Fondazione Merz

Josef Koudelka. Traces

10 February – 15 April 2012

 

Curated by Lorenza Bravetta and Maria Centonze

 

in collaboration with Agency Magnum Photos

Fondazione Merz present Koudelka’s work through a selection of 12 large scale landscape photographs, and three videos that document three of his great projects, Invasion (1968), Gypsies (1975), and Chaos (1999), along with some of the most important books published throughout his career span.

For the first time on display, the 12 black and white panoramic photographs –part of the Piemonte Project that the Regione Piemonte commissioned to Koudelka in 2004 on the occasion of the 2006 Winter Olympic Games– reveal a land that is rich in culture, history, memories, and innovations, but at the same time full of strong contradictions. The photographs show a landscape from which the human presence has been removed, and yet the traces man has left behind are always visible.
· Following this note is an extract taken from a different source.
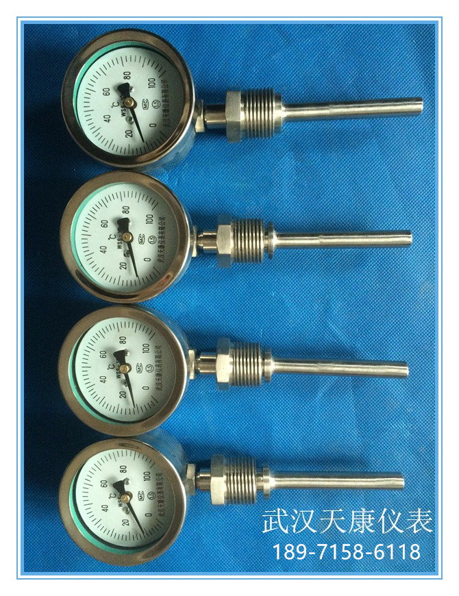 產(chǎn)品名稱(chēng):雙金屬溫度計(jì) 產(chǎn)品型號(hào):WSS-401 產(chǎn)品規(guī)格:L=900mm 測(cè)溫范圍:0-100℃ (可根據(jù)實(shí)際需要定做) 訂貨請(qǐng)注明:表盤(pán)直徑;保護(hù)管材質(zhì)及長(zhǎng)度;連接方式;溫度范圍

“Koudelka’s body of work develops from his personal extensive investigation on European landscape. It features the absence of man from places where everything actually tells of his presence: the empty spaces are filled with cumbersome presences, with traces of more or less recent lives that integrate into the scenery, or bear witness to a mutual and perpetual rejection.” Maria Centonze

Featured in the exhibition are three videos that document three important reportages by the renowned photographer: Invasion (1968), witnessing the Soviet invasion of Prague in 1968, Gypsies (1975) a chronicle of Gypsy life in Eastern Europe, and finally Chaos, a collection of great panoramic views that describe a landscape on which man has strongly intervened.